Одним из неизбежных следствий этого урока было то, что ученый приносился в жертву, превращаясь в сурового судью тех, кто стоял над ним. Они не замечали его, но он не мог не замечать их — попиравших его своей огромной массой. К тому же, чтобы ускорить обучение, они отправили на том же судне нового посланника в Россию. Госсекретарь Сьюард хорошо знал достоинства Кассиуса М. Клея[210] на дипломатической службе, но извлек из его талантов меньше пользы, чем наш личный секретарь, для которого Клей оказался наставником, не знавшим себе равных, хотя, пожалуй, не избежавшим соперников. От какого молодого человека, не состоявшего на государственной службе, можно было ожидать, что подобные уроки внушат ему уверенность в себе, да и, как известно, в те два года мало кто чувствовал или имел основание чувствовать уверенность в правительстве, а меньше всех тот, кто сам в него входил. На родине молодые люди в подавляющем большинстве шли воевать — роптали и умирали: в Англии — ропщи не ропщи, никто все равно не стал бы тебя слушать.
К тому же наш личный секретарь не мог роптать на правительство при отце. Как ни мало он знал, кое-что полезное он все же для себя извлек. Ни на один иностранный язык не потратил он таких усилий, как на то, чтобы выучиться придерживать язык — навык, отложивший отпечаток на всю его жизнь. Привычка к сдержанности или искусство говорить ни о чем не уходит с годами. А приобрести ее Генри пришлось немедленно. И он уже в совершенстве владел этим искусством, когда 13 мая 1861 года миссия прибыла в Ливерпуль, откуда тотчас отправилась в Лондон: семья ранних христиан-мучеников, готовых к тому, что их бросят на съедение львам под ликующим взором Тиберия — Пальмерстона.[211] И хотя лорд Пальмерстон посмеялся бы своим особым пальмерстоновским смехом над этой, приписываемой ему ролью, сходство Адамсов с христианами-мучениками отрицать он не смог бы, ибо сам уже подготовил всю процедуру.
О том, что их ждало, посланник знал не больше сына. То, чего он сам, или мистер Сьюард, или мистер Самнер ждали от Англии, — область истории. Но то, чего ждал и в чем ошибался личный секретарь, касалось его самого и сыграло немаловажную роль в его воспитании. 12 мая он еще полагал, что едет в дружественную страну и к дружественному народу, верному антирабовладельческим принципам, которые им же неукоснительно провозглашались. На протяжении столетия главные усилия семьи Адамсов были направлены на то, чтобы побудить правительство Англии к разумному содействию целям и интересам Америки. Его отец ехал туда, чтобы попытаться сделать это вновь, и на этот раз с достаточными шансами на успех. Главным препятствием на пути к взаимопониманию были рабовладельческие штаты.
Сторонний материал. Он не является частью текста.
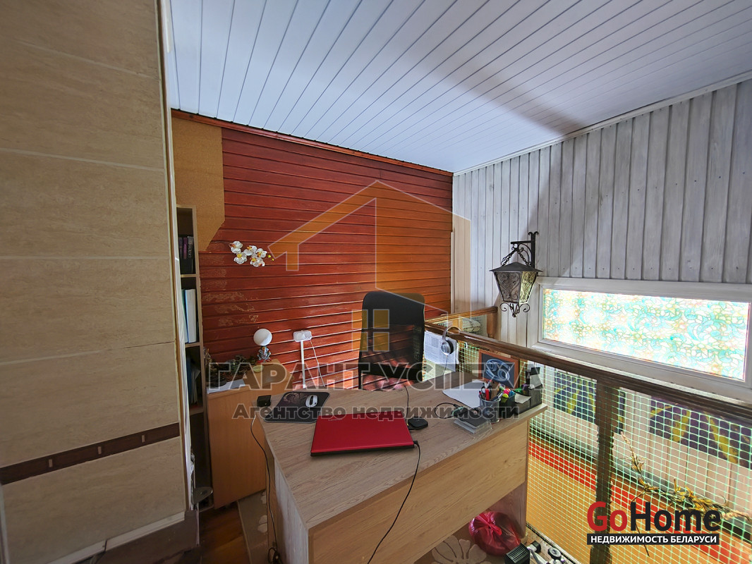 Все помещения дома находятся в жилом состоянии: пол – керамическая плитка, ламинат, доска, стены оклеены обоями, потолок на первом этаже украшают деревянные балки, а натяжной потолок мансардной комнаты перекликается с белоснежным сайдингом.
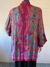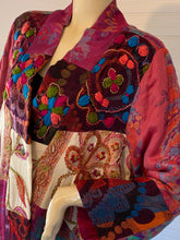 Description: Absolutely gorgeous rayon tapestry single-button front jacket, lavishly embroidered in front but just as stunning in back without the embroidery. Outer part is 100% rayon, full lining is polyester. Made in India.
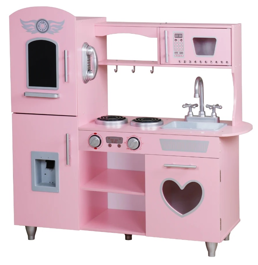 מטבח ילדים עשוי עץ MDF עם כיור וברז מזרימים מים, מיקרוגל, תנור, כיריים וטלפון
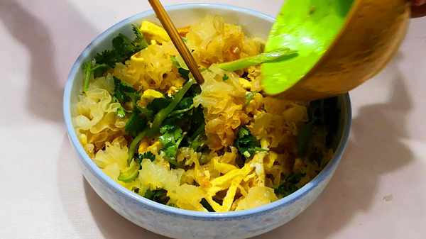 4.接着准备适量的葱丝、香菜段和辣椒丝放入碗中,加入撕碎的银耳、切好的鸡蛋条,再将调好的凉拌汁倒入,搅拌均匀后装盘即可,清凉爽口又下饭。

Что касается личного секретаря посланника, он, как все бостонцы, инстинктивно чувствовал себя англичанином. Он и представить себе не мог, чтобы Англия была к ним враждебна. Ему казалось, их примут на Британских островах с распростертыми объятиями.
13 мая стало официально известно, что Англия признала за Конфедерацией статус воюющей страны. Это с корнем вырывало чуть ли не все, что Генри усвоил в Гарварде и в Германии. Ему предстояло осознать — и чем скорее, тем лучше, — что понятия, в которых он воспитывался, противостоят истине, что в мае 1861 года ни один человек в Англии — буквально ни один — не сомневался в том, что Джефферсон Дэвис[212] стоит, или будет стоять, во главе нации, чему, за редким исключением, англичане были только рады, хотя и не спешили высказать это вслух. Они по большей части следовали примеру мистера Пальмерстона, который, по словам мистера Гладстона,[213]«желал раскола ради ослабления опасной силы, но предусмотрительно помалкивал». Никто в Англии уже не возмущался рабством. Министр иностранных дел лорд Джон Рассел[214] еще до прибытия мистера Адамса принял эмиссаров мятежных штатов и признал за Югом статус воюющей стороны, тем самым заранее определив позицию британского правительства. Дело шло к признанию независимости Юга — это был вопрос времени и удобного случая.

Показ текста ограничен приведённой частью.